According to the cement raw material preheating apparatus of the present invention described above, the following various excellent effects can be obtained.

(I) Since the cement raw material that has dropped from the raw material dropping chute can be evenly diffused and introduced into the connecting duct, the cement raw material can be remarkably excellent against the flow of the high temperature gas rising in the connecting duct. Can be put on,
Thereby, the heat exchange efficiency between the high temperature gas and the cement raw material can be significantly improved, and the cement raw material can be preheated well.

(II) If the cement raw material can be placed on the flow of the high temperature gas rising in the connecting duct extremely well, the flow velocity of the high temperature gas rising in the connecting duct can be made lower than in the prior art, so The power of the wind blower can be greatly reduced as compared with the conventional one, and thus the pressure loss of the entire cement raw material preheating device can be greatly reduced.

(III) If a diffusion disk for receiving the cement raw material that has fallen from the raw material inlet chute is also arranged at the connecting portion between the vertical portion of the uppermost connecting duct and the raw material inlet chute so that it can rotate substantially horizontally. Also, the cement raw material immediately after being charged from the raw material inlet chute can be preheated favorably with high heat exchange efficiency.

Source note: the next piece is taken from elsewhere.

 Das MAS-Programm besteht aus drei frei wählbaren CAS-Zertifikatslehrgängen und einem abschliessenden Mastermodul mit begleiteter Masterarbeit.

[Brief description of drawings]

FIG. 1 is a sectional view showing an example of an embodiment for carrying out the present invention.

FIG. 2 is a schematic diagram showing an example of a general cement manufacturing facility.

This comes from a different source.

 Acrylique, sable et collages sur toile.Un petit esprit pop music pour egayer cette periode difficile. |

FIG. 3 is a partial detailed view of the cement raw material preheating device of FIG.

FIG. 4 is a view in the direction of arrows IV-IV in FIG. 3 showing a conventional example.

[Explanation of symbols]

 DESCRIPTION OF SYMBOLS 1 Exhaust fan 2 Cyclone 2a Connection duct 2b Raw material dropping chute 2c Raw material inlet chute 3 Cement raw material preheating device 4 Cement raw material 5 Calcination furnace 9x high temperature gas 16 Cement baking furnace 20 Connection part 20 'connection part 23 Diffusion disk

Claims (2)

[Claims] 1. A plurality of cyclones arranged in a zigzag pattern in the vertical direction, and a connection that is connected to the side of the upper cyclone by rising upward from the center of the top of the lower cyclone and bending laterally in the middle. The duct, the material dropping chute that extends downward from the lower end of the upper cyclone and is connected to the vertical part of the lower connecting duct, the exhaust fan that is connected to the top center of the uppermost cyclone, and the uppermost cyclone. A cement raw material preheating device having a raw material inlet chute connected to the vertical portion of the connecting duct and configured to preheat the cement raw material by the high temperature gas introduced from the cement burning furnace for burning the cement raw material through the calcination furnace. In the connecting portion between the vertical portion of the connecting duct and the raw material dropping chute, a diffusion disk for receiving the cement raw material dropped from the raw material dropping chute is provided. A cement raw material preheating device, which is arranged so that it can rotate substantially horizontally. 2. The diffusion disc for receiving the cement raw material dropped from the raw material inlet chute is also arranged at the connecting portion between the vertical portion of the uppermost connecting duct and the raw material inlet chute so that it can be rotated substantially horizontally. The cement raw material preheating device according to claim 1, which is characterized in that.